▶ TASK OBJECTIVE: For this exercise, output exactly the lines from the opening line of the listing through the line with "Custom Face Princess", skipping pictures.

▶ RAW DATA:
______________________________

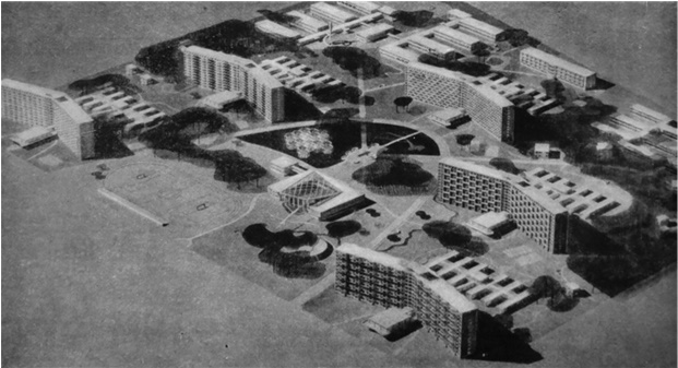 Илл. 3. Архитектурная модель развития района. Многоквартирные дома интегрированы в зеленый ландшафт, включающий две школы, санаторий, парк, дворец культуры, универмаг, летний театр, ботанический сад, стадион и фруктовый сад. Архитектура СССР. 1961. № 6. С. 38
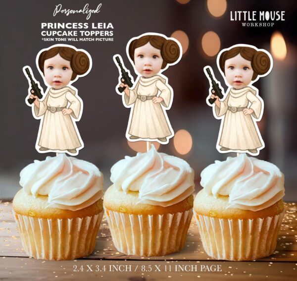 Custom Face Princess Leia Cupcake Toppers for Galactic Rebel Birthday Parties
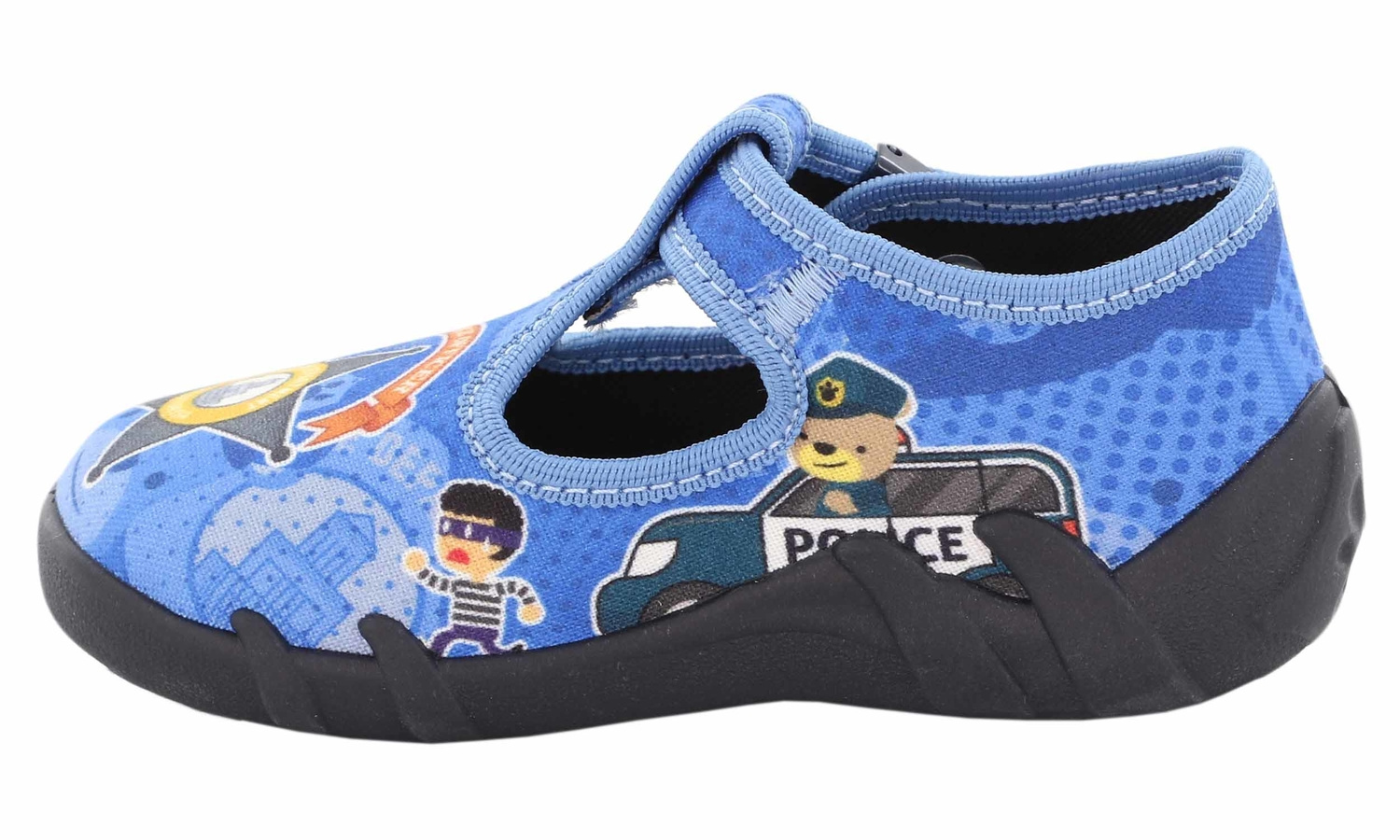 RENBUT sklep - Obuwie dziecięce tekstylne, kapcie przedszkolne, profilaktyczne wykonane z naturalnej bawełny. Wkładka wewnętrzna profilowana, antybakteryjna, zawiera jony srebra, wykonana z naturalnej skóry i pianki lateksowej zawierającej aktywny węgiel drzewny absorbujący pot i zapachy. Podeszwa profilowana, oddychająca (system wentylacji) wykonana z elastycznego i lekkiego tworzywa PVC doskonale przenosi obciążenia na podłoże i amortyzuje wstrząsy. Usztywniona cholewka stabilizuje stopę. Regulowane zapięcie na zapinki pozwala precyzyjnie dopasować obuwie do różnych kształtów stopy. Obuwie pod względem konstrukcyjnym, technologicznym i materiałowym spełnia wymogi certyfikatu "Zdrowa Stopa" przyznawanego przez IPS w Krakowie i zostało wyróżnione przez specjalistów znakiem "Żółtej Stopy" jako idealne w profilaktyce kształtowania prawidłowego rozwoju, funkcjonowania i budowy stopy dziecka.

______________________________

▶ SOLUTION FOR THIS TASK:
 Илл. 3. Архитектурная модель развития района. Многоквартирные дома интегрированы в зеленый ландшафт, включающий две школы, санаторий, парк, дворец культуры, универмаг, летний театр, ботанический сад, стадион и фруктовый сад. Архитектура СССР. 1961. № 6. С. 38
 Custom Face Princess Leia Cupcake Toppers for Galactic Rebel Birthday Parties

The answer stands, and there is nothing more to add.